Monday, July 9, 2012

Layin' A Strip for the Higher-Self State Line

So.  I had a meeting today with a high school band director.  We'll say he's from school B, since I already have one job at school A (more on that later). It went pretty fantastically, except this is what he said:

"I'd love you to come in and work with our percussionists... except I don't actually have a position for you."

Alright.

So, over coffee and soup, we discussed ways to get me into school B. The plan is to set me up through the community school teaching private lessons, and have me come in once a month or so to give technique master classes. Also, there is a Winter Drumline Instructor position open that I'll hopefully take over (sidenote: I have never taught a Winter Drumline).   I'll get some face time around the office and administration, and hopefully, they'll eventually find funds to make me a regular every week to teach percussion ensemble and technique.

Freakin' sweet.

Although the uncertainty is stressful, especially when you've got plenty of bills to pay, I LOVE this part of the job.  It's really exciting to create new opportunities and actually get in and make a job for myself, not to mention diving into a position with which I don't have much experience.  Although it is risky, if the success comes, there is no better feeling than knowing that you went out and created a situation where people will pay you to go have fun and do what you love. Krissy - 1 Economy - 0.

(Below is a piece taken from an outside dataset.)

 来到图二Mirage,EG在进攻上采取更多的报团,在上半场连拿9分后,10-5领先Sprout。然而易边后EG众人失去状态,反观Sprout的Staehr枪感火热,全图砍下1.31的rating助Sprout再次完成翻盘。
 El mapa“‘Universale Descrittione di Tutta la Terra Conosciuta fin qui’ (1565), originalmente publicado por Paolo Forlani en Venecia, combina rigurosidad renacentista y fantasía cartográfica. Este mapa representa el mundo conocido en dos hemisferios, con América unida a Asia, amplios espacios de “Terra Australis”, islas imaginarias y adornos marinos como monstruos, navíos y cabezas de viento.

Back to the Winter Drumline bit.... so I've never taught one.  Or participated in one.  BUT. I have played in plenty of fall drumlines and performed in Marching Band shows and at least seen some Winter shows, and I know what makes up a decent one. 

 Inexplicably, I am super pumped to do this. 

I really didn't know that winter drumlines existed until a year or two into college, and by then I had all kinds of other priorities.  I cannot wait to go to town on this, though.  I'll have to do plenty of research, but the idea of scheduling and running my own group is like super party happy fun time.  I'll have a sizable group of about 35 kids, all of whom sound really motivated. So excited.

In other life slices, it has always been glaringly obvious to me that I do not have girlfriends, or at least very many (which, like many other women, may explain my sex and the city addiction), so I have finally decided to do something about it.  Not that I don't already appreciate the girlfriends I do have... I appreciate them more knowing it's hard to find a group like that.  The only issue is the ones I do have all live far away (Illinois, Arizona, and 40 minutes North of my house, which is not bad, but thats only one).  It would, however, be nice to have a posse of girls that live near me, with whom I could have conversations like this, and not like this.  So after hearing about my friend Jenny's super awesome chic book club, I though, "Yes, I'm going to do that."  In the course of trying to find a book club, I discovered this awesome little website called Meetup, where you can find groups to join and just hang out.  I joined the Sassy Lassies, and the next day I was hanging at someone's apartment making card and shrinky dinks!  It was really pretty sweet.  Another meetup is happening tomorrow, too.  We're going to see Magic Mike! (I whole-heartedly applaud the role reversals... and also pretty alright with the male stripping....).


That said, finding friends is weird. It's like dating. Part of me is really happy to be there, and the other part of me is a neurotic mess of inner monologue shrouded in a foggy haze of self-doubt.  The neurosis notwithstanding, I will do it again.  It's totally worth the chic talk (which already was had at meeting one) and the company.  Also, I think the types of people that tend to do these things seem to be people who are generally open and honest and just want to hang, so it's pretty sweet. Yay new people.


This post has mostly been about new things: new people, new opportunities.... which sounds lovely and inspirational and full of unicorns pooping butterflies and rainbows..... but in reality, it's super awkward.  When I attempt to do new things, I pump myself up and go in really motivated, and then while I'm doing it I feel like this.  So I want to hear about your awkward newbie experiences, good or bad.  Embarrassing would be best, please. ;)

Also, credit to The Bad Plus for the post title. Check 'em out. Dave King's the man.